Back in December I started a brief series on the four categories of new
venture risk. Somehow I got sidetracked after writing about management, market, and technology risk types. So today I thought I would close out the series with a brief discussion of funding or financial risk.
Funding risk is the likelihood that a startup will fail to raise sufficient
capital financing to get the venture to a self-sustaining cash flow
positive state (or to the point where it is acquired). Funding risk
manifests itself in two forms
First, many companies fail because they do not understand the amount of money that it will take to successfully grow their business. Good well thought through business models that contain solid assumptions based on strong research into the business drivers are needed. The operations levers that make a particular business go need to be known and understood. If you don’t know how to make one of these models it is well worth your money to invest in someone to help you. And no matter how well you do this is it going to take a longer period or time and more money than you forecast.

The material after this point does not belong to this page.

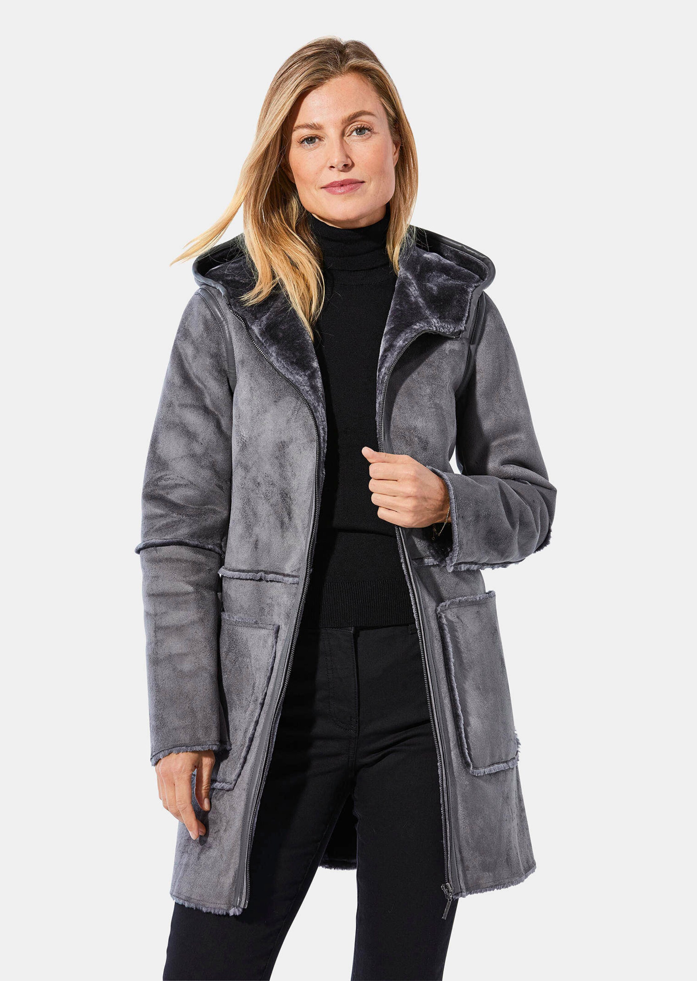 Manteau à capuche en similicuir suédé du plus bel effet, avec doublure chaude et moelleuse en peluche. Les coutures des épaules et des manches ainsi que les coutures de la fermeture zippée sont renforcées par du similicuir. La capuche séduisante est également bordée de similicuir. Les coutures restantes sont agrémentées de fourrure synthétique. Une attention toute particulière a été portée aux grandes poches plaquées et à la couture décorative transversale, qui est reprise aux manches. Belle coupe longue avec col montant et fermeture zippée. Un partenaire chic et cosy pour braver l'hiver. Taille petit : veuillez commander une taille au-dessus de votre taille habituelle.

Second, many companies lack a funding strategy. It is quite common that
entrepreneurs do not know what their companies need to look like from
an angel investor or venture capitalist’s perspective in order to
garner investment. They thus set inapropriate milestones and are unable
to secure the next round of funding.
From an early stage investor’s perspective, regardless if they state it or not, all startup milestones should be focused on reducing technology, management, and market risk. You solve for those three, do your homework on business modeling, understand the profile you need to show to investors, and you reduce funding risk.